Green Award

Richmond Law Honors Constitutional Scholar A.E. Dick Howard with 2026 William Green Award

Principal draftsman of Virginia’s Constitution and longtime UVA professor recognized with the law school’s highest honor.
March 23, 2026

The University of Richmond School of Law has presented the 2026 William Green Award for Professional Excellence to Professor A.E. Dick Howard, one of the nation’s foremost constitutional scholars and the principal draftsman of Virginia’s 1971 Constitution.

Dean Wendy Perdue presented the award to Howard during a ceremony held last week.
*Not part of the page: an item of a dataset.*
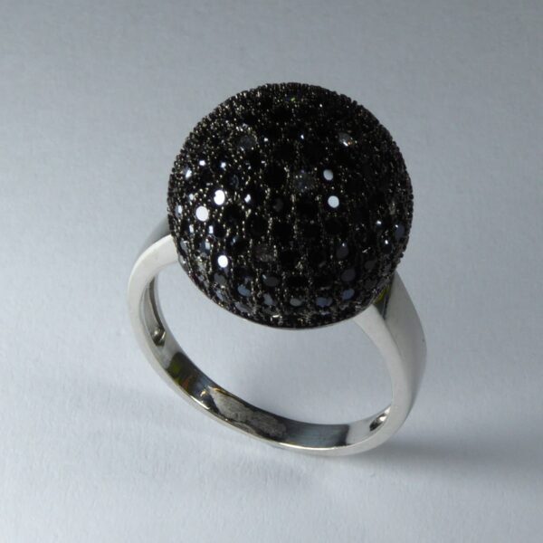 Anillo rodiado. Con una bola,de circonitas negras de 1 mm.

The Green Award is the law school’s highest honor and represents the most distinguished recognition the school can bestow upon a member of the legal profession.
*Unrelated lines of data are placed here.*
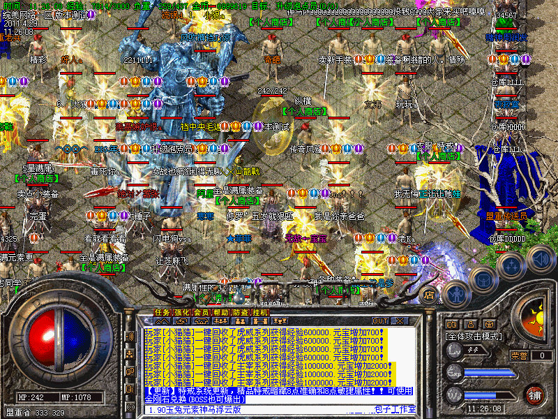 5:新增【神马浮云】超漂亮的顶级套,超高的属性!请到下载好补丁, 华丽的外观谁看了都会心动!全套出发HP+2500,MP+2500.攻魔道+100.已激发,传送命令@move,超帅超刺激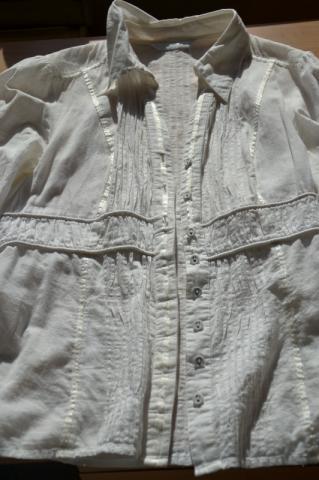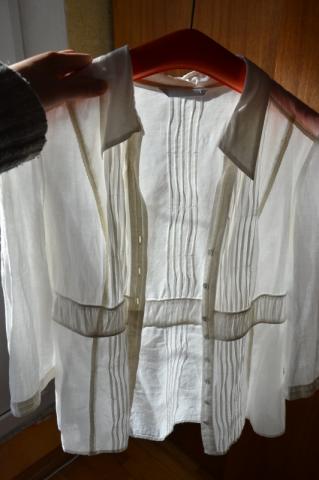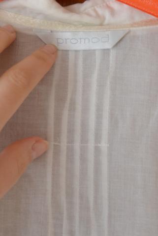 100 % medvilninė "Promod" palaidinė - lengvutė, labai malonios dėvėti medžiagos. 3/4 rankovės. Dailios sagutės, paraukimai. Dydis M / L. Išmatavimai: ilgis nuo peties iki apačios - 55,5 cm; rankovės ilgis - 43,5 cm; ilgis nuo peties iki peties - 38,5 cm; ilgis nuo pažasties iki pažasties - 49 cm.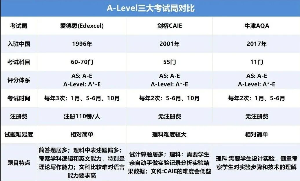 A-Level课程还有一个最大的特别之处,就是它是分不同考试局的。常见的考试局有CAIE剑桥国际考试局、AQA考试局和爱德思考试局。

“Professor Howard has achieved extraordinary success in the law and would meet any definition of professional excellence,” Perdue said.

In accepting the award, Howard shared highlights from his storied career, including his clerkship with U.S. Supreme Court Justice Hugo Black, his role in drafting Virginia’s present constitution, and his opportunity to work with constitution-makers in post-Communist Central and Eastern Europe.

Howard went on to acknowledge the many individuals who have contributed to his success. “I would love to have on the platform the people who put me where I am today,” he said, hailing his undergraduate and law school professors, Justice Black, his fellow constitutional draftsmen, and his mentors.

He gave a special recognition to a cornerstone group that has impacted his career—his students—describing them as cordial, civilized, and fun. “To teach law anywhere is wonderful, but to do so at places like Richmond and UVA is really special.”

Howard is a 1954 graduate of the University of Richmond and earned his law degree from the University of Virginia School of Law, where he serves as the Warner-Booker Distinguished Professor of International Law Emeritus.

In 1968, at just 34 years old, he was appointed executive director of the commission established by Virginia Governor Mills Godwin charged with revising the state’s Constitution. In that role, Howard served as the Constitution’s primary draftsman.

The proposed document sought to make Virginia’s government more responsive and accountable to its people. Among its most significant provisions was the assurance that every resident would have access to an education, a pointed response to the era of “massive resistance,” when some school systems chose to close rather than integrate.

Ratified in 1971, that Constitution remains in force today.

The Green Award is named for Judge William Green, one of the three original law professors at Richmond College. In 1870, Green challenged the law school’s first entering class to consider the question, “What is success in the law?” His answer: “the pursuit of excellence”—a ceaseless effort to realize one’s potential and strive always to do better. That principle continues to guide the selection of Green Award recipients.

Past honorees include some of the most influential legal minds in the nation, including U.S. Supreme Court Chief Justices William Rehnquist and John Roberts, Jr., Justice Sandra Day O’Connor, civil rights activist Oliver White Hill, Sr., and Senator Tim Kaine and Anne Holton.